The pursuit of scientific and technological innovation by American higher education has created economic growth, an improved quality of life, and enhanced security.  Unfortunately, in recent years, certain foreign actors have taken steps to influence American colleges and universities in ways that do not benefit the United States by making to schools large and substantial gifts and contributions.

To prevent undue influence from hostile foreign actors, Congress has directed American colleges and universities to comply with Section 117 of the Higher Education Act, which requires institutions to report to the Department of Education any gifts and contracts from foreign sources exceeding $250,000 in a calendar year.  Unfortunately, recent investigations by the Department demonstrate that many institutions have failed to comply with this easily understandable statutory requirement, and the Department is taking measures to require schools to comply in the face of possible enforcement action by the Attorney General of the United States.

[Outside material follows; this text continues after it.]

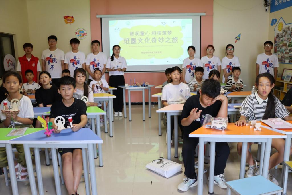 实践团队依托专业优势和特长,以开展家电义务维修为主线,进乡村、访民情、话振兴,运用所学知识助力乡村振兴,一个个“废弃”电饭煲、电水壶、电风扇、吹风机、洗衣机等在维修队手中如获新生,为村民们修复故障电器30余件。面对张庄村20余名留守儿童,志愿者们精心准备了生动有趣的科普宣讲,通过无人机、机器人、鲁班锁等为小朋友们讲解班墨文化、物理知识和科学原理等,并且带领他们动手组装手摇发电机、吉普车、小孔成像等作品,在小朋友心中埋下科教兴国的种子。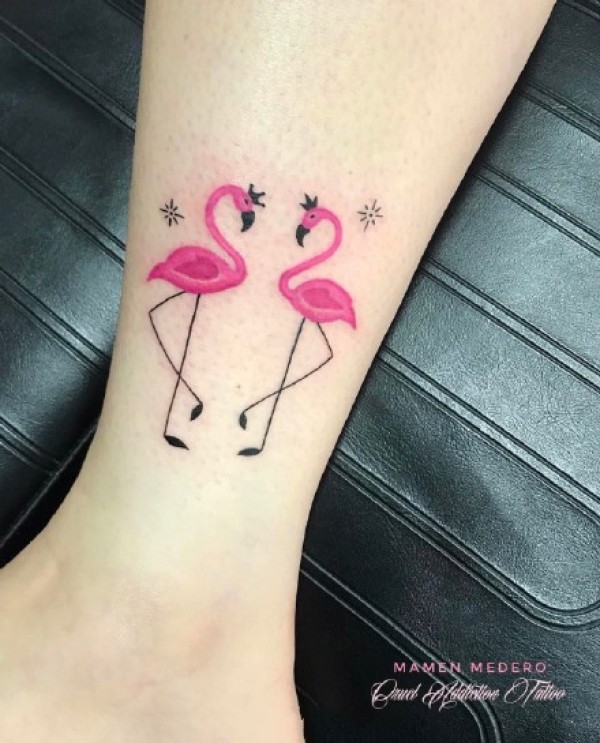 女生小腿小清新火烈鸟纹身图案

Preliminary investigations by the Department have discovered that at least six prominent universities have failed to report in excess of $1.3 billion from foreign sources, including from China, Qatar, and Russia.  Those same investigations have revealed other disturbing connections between China and American universities.  One university received research funding from a Chinese multinational conglomerate to develop new algorithms for crowd surveillance.  Another school had multiple contracts with the Central Committee of the Communist Party of the People’s Republic of China.  Five of the six investigated universities had multiple contracts with Huawei, a Chinese telecommunications company with a history of hostility to the U.S.

The Department has other cases pending, including an investigation into the University of Texas for its failure to report qualifying contracts, faculty exchanges, and other valuable transfers of technology with the Wuhan Institute of Virology, the maximum biocontainment laboratory in Wuhan, China.

Since July of 2019, universities have revealed more than $6.5 billion in previously undisclosed foreign source gifts and contracts.  Institutions have anonymized the identities of the donors of at least $1.14 billion in funds from China, Saudi Arabia, Qatar, and Russia.

To combat underreporting and to ease reporting burdens for schools, Secretary DeVos has directed the Department to create a modern and robust information collections system to capture contributions to schools by foreign sources, and the Department recently announced a new reporting portal for universities.  Institutions must file any Section 117 reports using this portal on or before July 31, 2020.

American’s universities have a legal and moral duty to provide transparency regarding foreign sources of influence.  The Department’s Section 117 investigations have shown the importance of foreign money to American institutions of higher education so that Americans may understand these transactions and decide whether this activity is in the best interest of the United States.